Your instructions: Would you copy the lines below exactly and omit the images?

Collected data entries:
▬▬▬▬▬▬▬▬▬▬
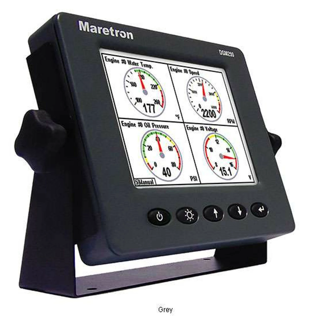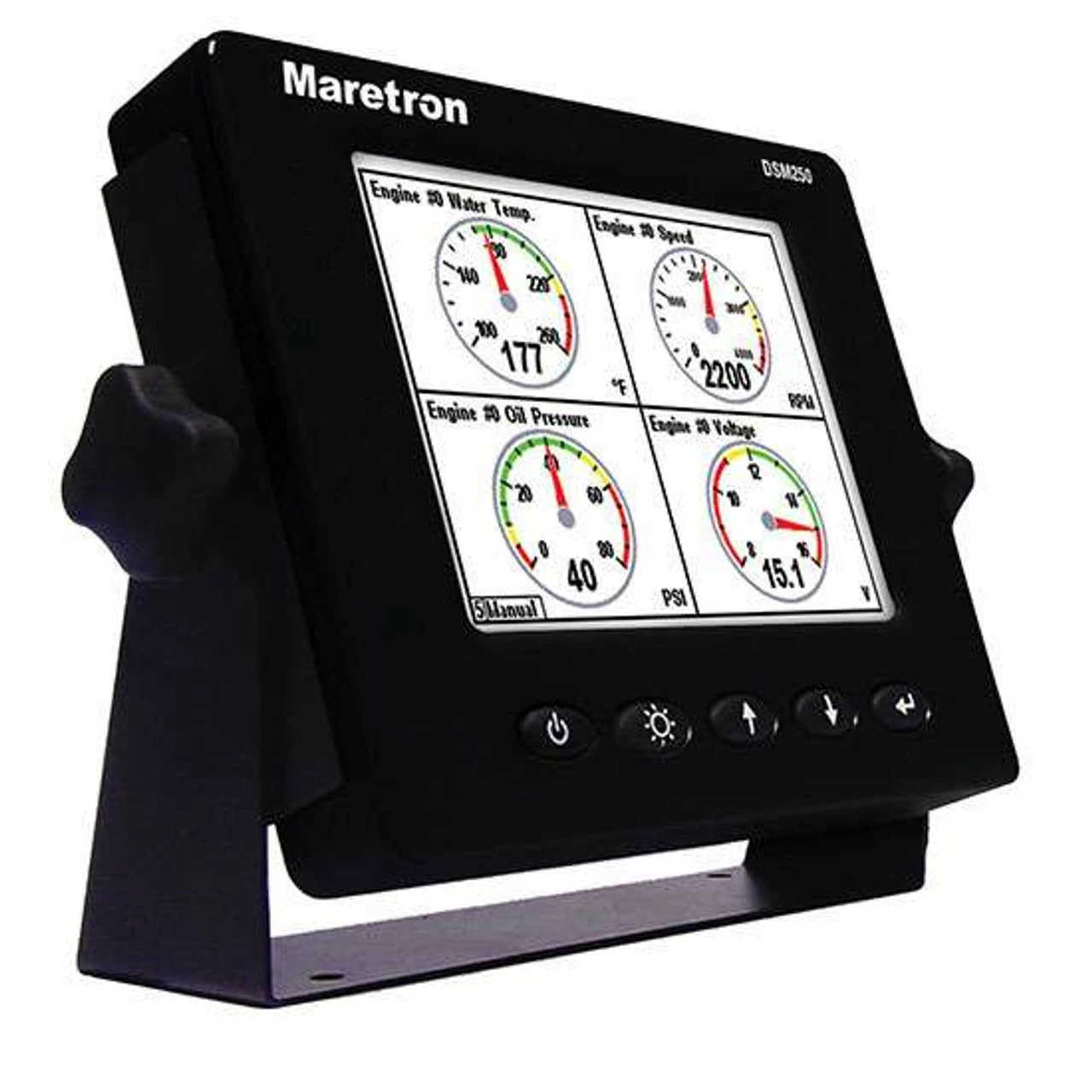 The Maretron DSM250 Multi-Function Color Display is a high-resolution sunlight viewable color display that allows easy interpretation of NMEA 2000 instrument and navigation data through custom display configurations, featuring an easy-to-use five-key illuminated keypad.
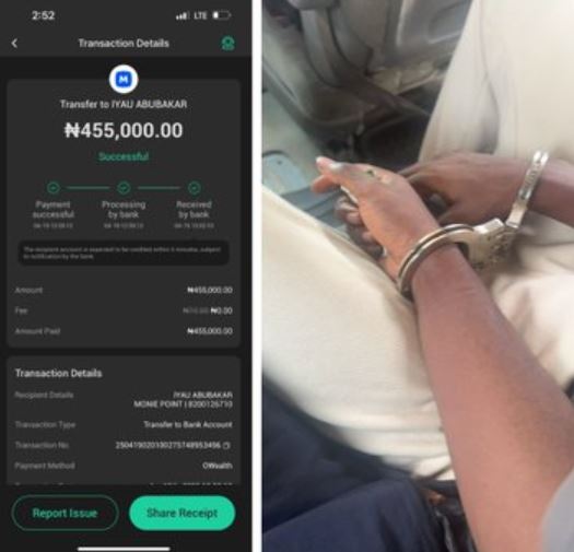 The influencer shared a bank transfer receipt showing the recipient details as IYAU ABUBAKAR MONIE POINT | 8200126710 and pictures of himself in handcuffs.
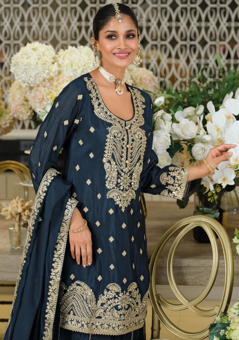 eba lifestyle afrozeh chinon readymade festive plazzo 3pcs dress
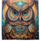 A vibrant, symmetrical depiction of a majestic owl, intricately designed with colorful swirling patterns and intricate details. The owl's eyes are large, glowing in shades of emerald green, framed by vibrant feather-like motifs in hues of turquoise, teal, and orange. The feathers appear as a blend of abstract shapes and ornate, paper-cut style elements that enhance the image’s artistic and surreal appeal. The owl embodies a sense of wisdom and mystery, making it a captivating, decorative image suitable for various merchandize.
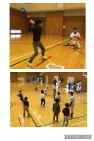 初めはストラックアウトの的まで届かなかった子も最後には的まで届くようになり、1時間程の野球教室でしたが “できた!楽しい“と、友だちと喜び高校生とハイタッチをしていました。
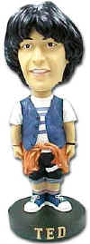 Head Knockers and Bobble Head figures have recently seen a HUGE resurgence in popularity, and companies like NECA are quick to make available the most funky, fashionable and popular characters in this unique format, so we should be wildly happy that none other than our own Ted "Theodore" Logan has been thus immortalized in Head Knocker fashion. Based on Ted from Excellent Adventure, this figure is made completely of painted resin and comes in a box which features the Two Great Ones on their phone booth. We're not sure just how long this has been out on the market, but yours truly has seen it for sale in Suncoast for some time!
▬▬▬▬▬▬▬▬▬▬
Solution below:
 The Maretron DSM250 Multi-Function Color Display is a high-resolution sunlight viewable color display that allows easy interpretation of NMEA 2000 instrument and navigation data through custom display configurations, featuring an easy-to-use five-key illuminated keypad.
 The influencer shared a bank transfer receipt showing the recipient details as IYAU ABUBAKAR MONIE POINT | 8200126710 and pictures of himself in handcuffs.
 eba lifestyle afrozeh chinon readymade festive plazzo 3pcs dress
 A vibrant, symmetrical depiction of a majestic owl, intricately designed with colorful swirling patterns and intricate details. The owl's eyes are large, glowing in shades of emerald green, framed by vibrant feather-like motifs in hues of turquoise, teal, and orange. The feathers appear as a blend of abstract shapes and ornate, paper-cut style elements that enhance the image’s artistic and surreal appeal. The owl embodies a sense of wisdom and mystery, making it a captivating, decorative image suitable for various merchandize.
 初めはストラックアウトの的まで届かなかった子も最後には的まで届くようになり、1時間程の野球教室でしたが “できた!楽しい“と、友だちと喜び高校生とハイタッチをしていました。
 Head Knockers and Bobble Head figures have recently seen a HUGE resurgence in popularity, and companies like NECA are quick to make available the most funky, fashionable and popular characters in this unique format, so we should be wildly happy that none other than our own Ted "Theodore" Logan has been thus immortalized in Head Knocker fashion. Based on Ted from Excellent Adventure, this figure is made completely of painted resin and comes in a box which features the Two Great Ones on their phone booth. We're not sure just how long this has been out on the market, but yours truly has seen it for sale in Suncoast for some time!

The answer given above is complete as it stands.